In this blog I am going show you how to migrate from SQLServer to Aurora PostgreSQL using the Babelfish extension.
This blog post assumes that you are familiar with the RDS service.
The first thing you need to do is to create an Aurora PostgreSQL custom parameter group with the babelfish setting
"rds.babelfish_status" set to on.
I then created a new security group that allowed connections to my VPC range for ports 1433 & 5432. This will allow me and the DMS service to be able to connect to both endpoints.
From here, I created an Aurora PostgreSQL cluster using this parameter group. I have opted to use Serverless V2 but this is not mandatory. Once your cluster has created, you should see that the two endpoints available (writer/reader) are listening on both TCP 5432 & 1433
You then need to create two IAM roles for the DMS service to use.
These are: dms-vpc-role and dms-cloudwatch-logs-role
arn:aws:iam::<accountnumber>:role/dms-cloudwatch-logs-role
arn:aws:iam::<accountnumber>:role/dms-vpc-role
They need to be set up as the exact ARNs mentioned above, otherwise the DMS service will not recognise them
https://docs.aws.amazon.com/dms/latest/userguide/security-iam.html
Navigate to the DMS service.
From here, navigate to "Subnet groups"
You then need to create a subnet group for the DMS replication server to run out of. This needs to be a CIDR range that can communicate to your source (SQLServer) instance and your target (APG)
https://docs.aws.amazon.com/dms/latest/userguide/subnet-group.html
The CLI can also be used:
aws dms create-replication-subnet-group \
--replication-subnet-group-identifier SQLServerToAPG \
--replication-subnet-group-description SQLServerToAPG \
--subnet-ids <SUBNETA> <SUBNETB> <SUBNETC> >/dev/null
You are then in a position to create the DMS replication instance
https://docs.aws.amazon.com/dms/latest/userguide/CHAP_ReplicationInstance.Creating.html
The CLI can also be used:
aws dms create-replication-instance \
--replication-instance-identifier SQLServerToAuroraPostgreSQL \
--allocated-storage 50 \
--replication-instance-class dms.t3.medium \
--vpc-security-group-ids <SG ID created above> \
--no-multi-az \
--replication-subnet-group-identifier <Subnet Group created above> \
--engine-version 3.5.3 \
--no-publicly-accessible >/dev/null
The next step is to create both source and target DMS endpoints
https://docs.aws.amazon.com/dms/latest/userguide/CHAP_Endpoints.Creating.html
The CLI can also be used:
Source:
aws dms create-endpoint \
--endpoint-identifier SQLServer-source \
--endpoint-type source \
--engine-name sqlserver \
--ssl-mode require \
--username <username> \
--server-name sqlserversourcerds.abcdef.eu-west-1.rds.amazonaws.com \
--password <password of the SQLServer instance> \
--port 1433 \
--database-name <Local Database you wish to migrate> >/dev/null
Target:
aws dms create-endpoint \
--endpoint-identifier APG-Target \
--endpoint-type target \
--engine-name aurora-postgresql \
--ssl-mode require \
--username <username> \
--server-name aurorapostgresqltarget.cluster-abcdef.eu-west-1.rds.amazonaws.com \
--password <password of the APG cluster> \
--port 5432 \
--database-name babelfish_db \
--postgre-sql-settings '{"MaxFileSize": 512}','{"ExecuteTimeout": 3600}'>/dev/null
You then need to test the endpoints to ensure that the replication instance can communicate to both the source/target endpoints
https://docs.aws.amazon.com/dms/latest/sbs/chap-mariadb2auroramysql.testendpoints.html
From here, connect to the source SQLServer instance. I am using SSMS in this example, but any tooling will work.
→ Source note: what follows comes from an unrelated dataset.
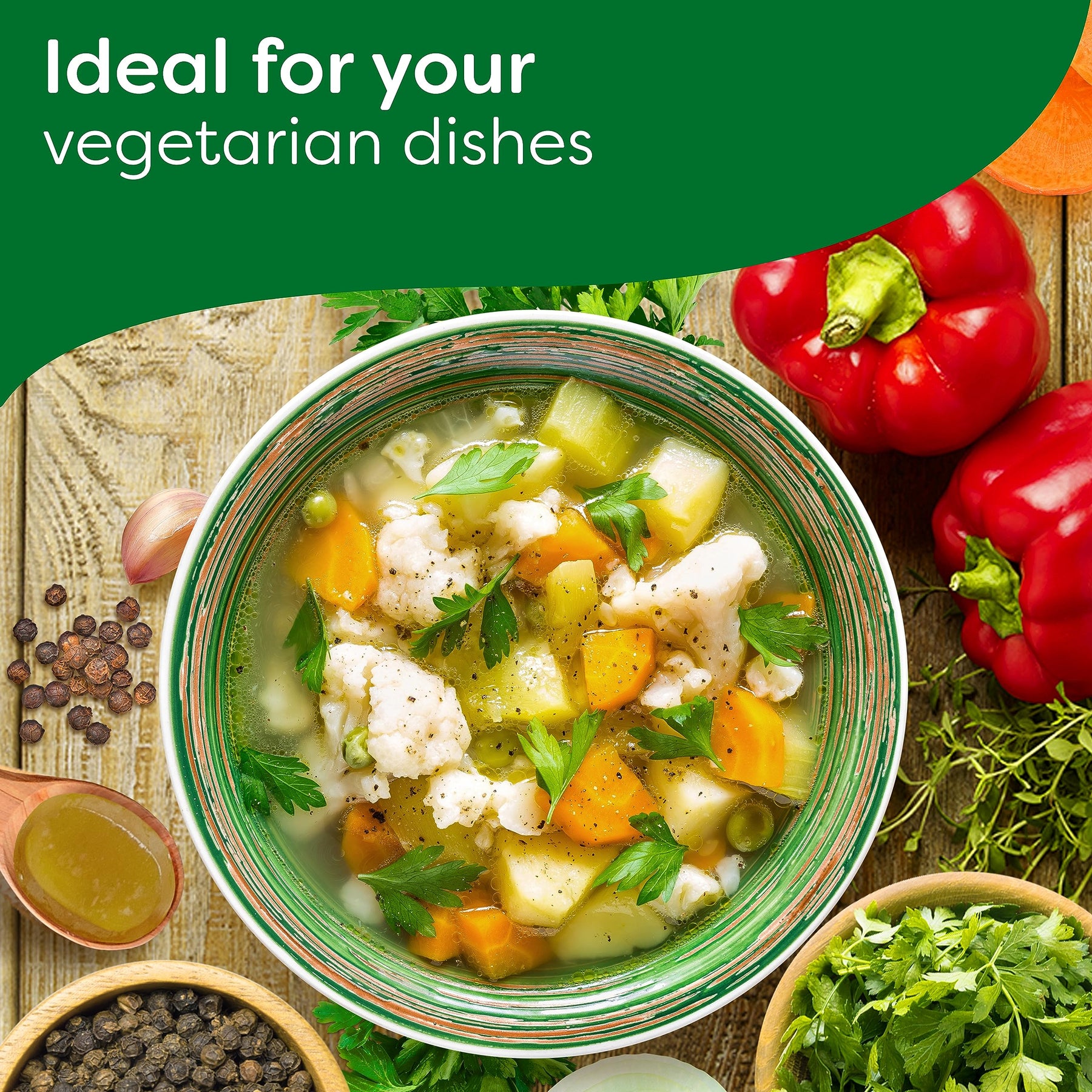 These stock cubes are crafted with free-range chicken and sustainably farmed vegetables, reflecting Knorr’s commitment to quality and sustainability. Explore more recipes and discover other salt-free variants like Beef or Vegetable on the Knorr website. Ideal for creating delicious, flavourful meals without compromising on dietary needs.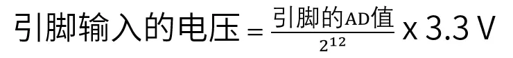 ESP32-S3的ADC模塊的分辨率為12位,所以AD轉換後的值範圍為0~4095。由於ESP32-S3的工作電壓為3.3V,所以當AD值為4095時,對應的電壓為3.3V;當AD值為0時,對應的電壓為0V。對於AD值和電壓值,這裏就會有一個簡單的關係,如下所示。

The dataset was populated using this document
https://www.sqlservercentral.com/articles/generating-dummy-data
This creates some dummy tables and populates a dataset
We need to gather the DDL from this instance next
In SSMS, select the database you're wanting to export, tasks, generate scripts.
Ensure 'script the entire database' is selected, also ensure 'all database objects' is ticked.
On the next page, under advanced ensure that 'Script-Full-Text-Indexes' are selected and also 'Script Triggers' is set to true.
Save the output to a SQL file.
I then tend to split the large DDL file into multiple separate files, for pre and post migrations steps. For example,
tables-ss.sql -- This will include all CREATE TABLE statements
FK-ss.sql -- This will include all FOREIGN KEY statements
functions-ss.sql -- This will include all CREATE FUNCTION statements
defaults-ss.sql -- This will include all DEFAULT statements
procedure-ss.sql -- This will include all CREATE PROCEDURE statements
function-ss.sql -- This will include all CREATE FUNCTIONS statements
triggers-ss.sql -- This will include all CREATE TRIGGERS statements
views-ss.sql -- This will include all CREATE VIEW statements
indexes-ss.sql -- This will include all CREATE INDEXES statements
You now need to enable CDC on the source SQLServer instance. This is done via the below commands, example local database here
exec msdb.dbo.rds_cdc_enable_db 'commbuilderdemo';
GO
From here, I connect to the APG cluster but via the 1433 port. This will be using a SQLServer native UI or the SQLCMD command line tool.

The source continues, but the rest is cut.